Since then, the Opotiki District Council, which was one of the eight local authorities to resolve to change to single transferable voting, and the Masterton District Council, which resolved to stay with fptp, have further resolved to hold a poll of electors.
At the time of writing (January 2003), there have been 10 successful poll demands, with possibly a handful more by the end of February. All polls must be held no later than 21 May 2003, the results of which are binding on the councils concerned for the next two triennial general elections of the country’s local authorities (9 October 2004 and 13 October 2007).
Stephen W Todd, writing for Voting Matters published by the McDougall Trust
January 2003
Letter Plucked from Obscurity
This voting system does not deal with premature exclusion as described by I D Hill in issue 2 of Voting Matters 1994. Neither does it handle the issue of the disregard of large numbers of preferences as described by S Gazeley: in issue 12, 2000 of the same publication.

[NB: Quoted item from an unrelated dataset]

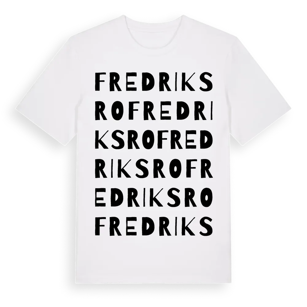 Fredriksro ordlek t-shirt är inspirerad av Fredriksro i Södermanlands län, Sverige. Tröjan är designad för dig som har en speciell koppling till platsen – oavsett om du bor här, har rötterna här eller bara älskar Fredriksro.
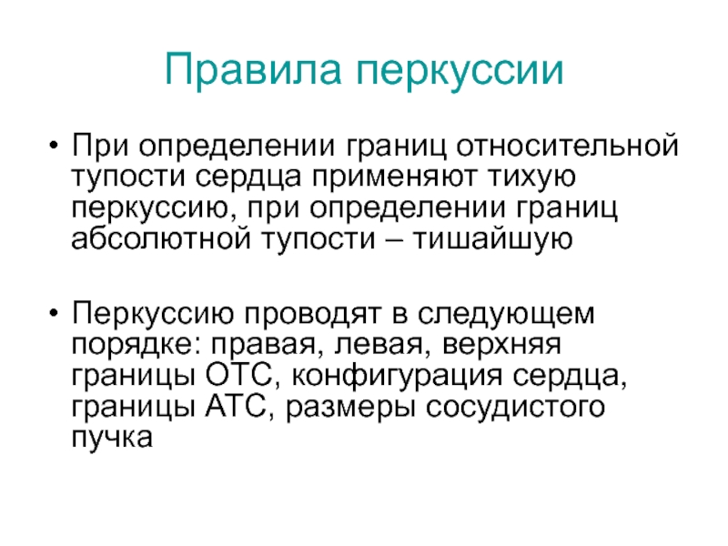 При определении границ относительной тупости сердца применяют тихую перкуссию,

Tracking of individual voting papers through the whole process reveals thousands of cases in a typical election where voter’s preferences beyond the first couple are ignored, despite the fact the voter believes he is voting for a much larger number of positions.
Thank you; you have raised the same issue that I perceived, but had otherwise not read about or pursued.
One reformer* who does appear to have pursued premature exclusion is Richard Lung. I have uploaded a copy of his Scientific Method of Elections, with the intention of studying it at leisure, not that I pretend I will begin to follow more than the overarching logic—the under-the-bonnet math will, I suspect, quickly defeat me.